Armen Kasparian edited this page Mar 28, 2024 · 5 revisions

Selecting the Replay Buffer

Command Line Overrides (Preferred)

Specifying buffer size and type via command line arguments will override the settings in the configuration files:

  • --bsize: Buffer size (default is as specified in the configuration file)
  • --btype: Buffer type (default is as specified in the configuration file), options are ER-v0 / PER-v0

Configuration via Agent Config File

In the absence of command-line overrides, buffer settings can be specified in the agent's configuration file:

  • buffer_type: Set to either ER-v0 or PER-v0. The default setting uses an experience replay buffer.

Configuration File Details

General Configuration for ER/PER

  • buffer_capacity: The capacity of the buffer, default is 1,000,000.

Specifics for PER

For the Prioritized Experience Replay (PER), you can specify the prioritization scheme in the configuration files:

  • prioritization_type: Choose between proportional or rank.
  • alpha: The alpha value, which depends on the prioritization type (default 0.6 for proportional, 0.7 for rank).
  • beta: The beta value, also depending on the prioritization type (default 0.4 for proportional, 0.5 for rank).
  • beta_increment: The rate at which beta is increased, default is 0.001.

Examples

Run the script with command line overrides for the buffer:

python -O drivers/run_continuous.py --agent KerasTD3-v0 --env HalfCheetah-v4 --btype PER-v0 --bsize 1000000 --nepisodes 1000

Replay Buffer Base Class Documentation

The Replay class is an abstract base class (ABC) designed for creating various types of replay buffers in reinforcement learning (RL). Replay buffers store and manage the experiences of an agent during training. Experiences typically include states, actions, rewards, next states, and done signals. This base class outlines the essential structure and functionalities required for any replay buffer implementation.

Constructor

__init__(self, state, action, reward, next_state, done, probability)

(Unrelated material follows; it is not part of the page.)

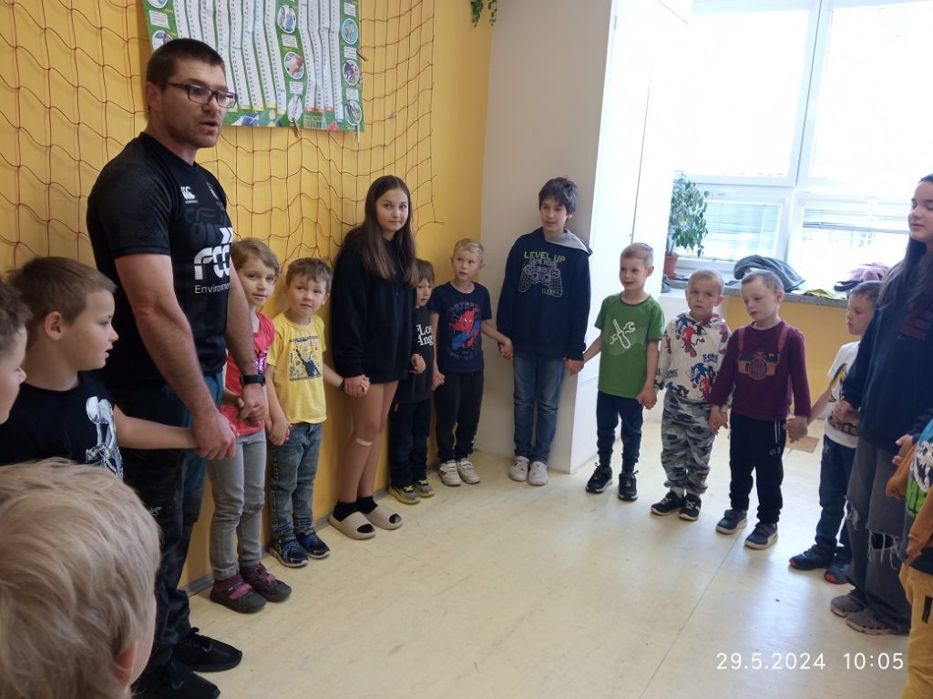 28. 5. 2024 naše Motýlky navštívil společně se žáky 5. třídy rodilý mluvčí Nicholas Peter Wood. Děti se nejdříve učily fráze u stolečku „stand up, sit down“ formou hry, na koberci opakovaly barvy a děti je hledaly po třídě, naučily se nová slovíčka – mořská zvířata a uspořádaly šnečí závody ve dvojicích.
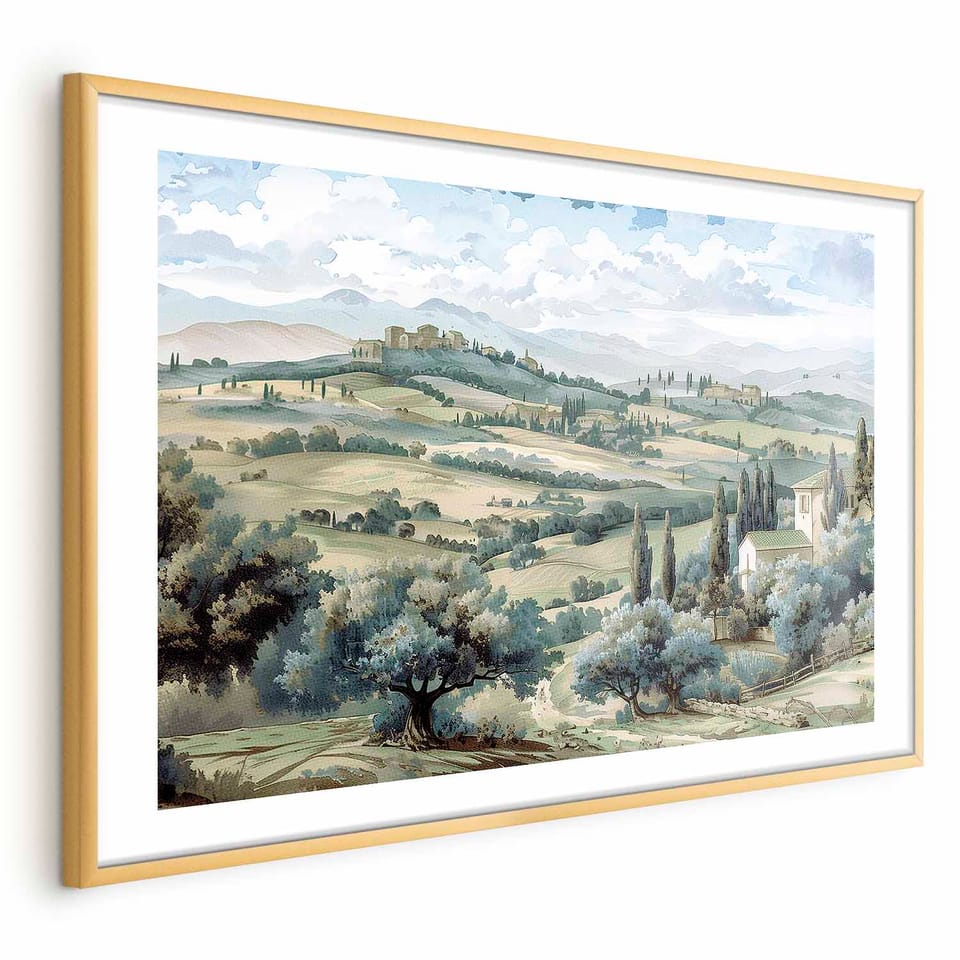 Plakat - Pejzaż ze słonecznymi; zielonymi polami rozmiar 90x60, wykończenie Rama złota z marginesem

Initializes a new instance of the Replay buffer. This method is intended to define all key variables required for all buffers. However, in this base class, the method body is left empty (pass) to be defined by subclasses.

Parameters:

  • state: The initial state of the environment.
  • action: The action taken by the agent.
  • reward: The reward received after taking the action.
  • next_state: The state of the environment after the action is taken.
  • done: A boolean indicating whether the episode has ended.
  • probability: The probability distribution used for sampling experiences.

Note: Subclasses should provide implementations that initialize these parameters as needed for their specific type of replay buffer.

Methods

record(self, memory)

An abstract method that must be implemented by subclasses. It is used to add new experiences into the buffer.

Parameters:

  • memory: The experience to add to the buffer. The structure of memory should align with the expected format of the replay buffer.

sample(self, nsamples)

An abstract method that must be implemented by subclasses. It should return a sample of experiences from the buffer based on a probability distribution.

Parameters:

  • nsamples: The number of samples to return from the buffer.

Returns:

  • A sample of experiences from the buffer.

save(self, filename='replay_buffer.npy')

An abstract method that must be implemented by subclasses. It should save the current state of the buffer to a file.

Parameters:

  • filename: The name of the file where the buffer will be saved. Defaults to 'replay_buffer.npy'.

save_cfg(self)

An abstract method that must be implemented by subclasses. It should save the configuration of the buffer. The specifics of what constitutes the buffer's configuration are left to the subclass's discretion.

load(self, filename)

An abstract method that must be implemented by subclasses. It should load previously saved experiences into the buffer.

Parameters:

  • filename: The name of the file from which to load the buffer.

size(self)

An abstract method that must be implemented by subclasses. It should return the number of experiences currently stored in the buffer.

Returns:

  • The number of memories in the buffer.

Implementing a Replay Buffer

To implement a specific type of replay buffer (e.g., a simple FIFO buffer, prioritized experience replay), you must subclass Replay and provide concrete implementations for all the abstract methods. This includes initializing necessary variables in the constructor, handling the addition and sampling of experiences, and managing the persistence of the buffer's state and configuration.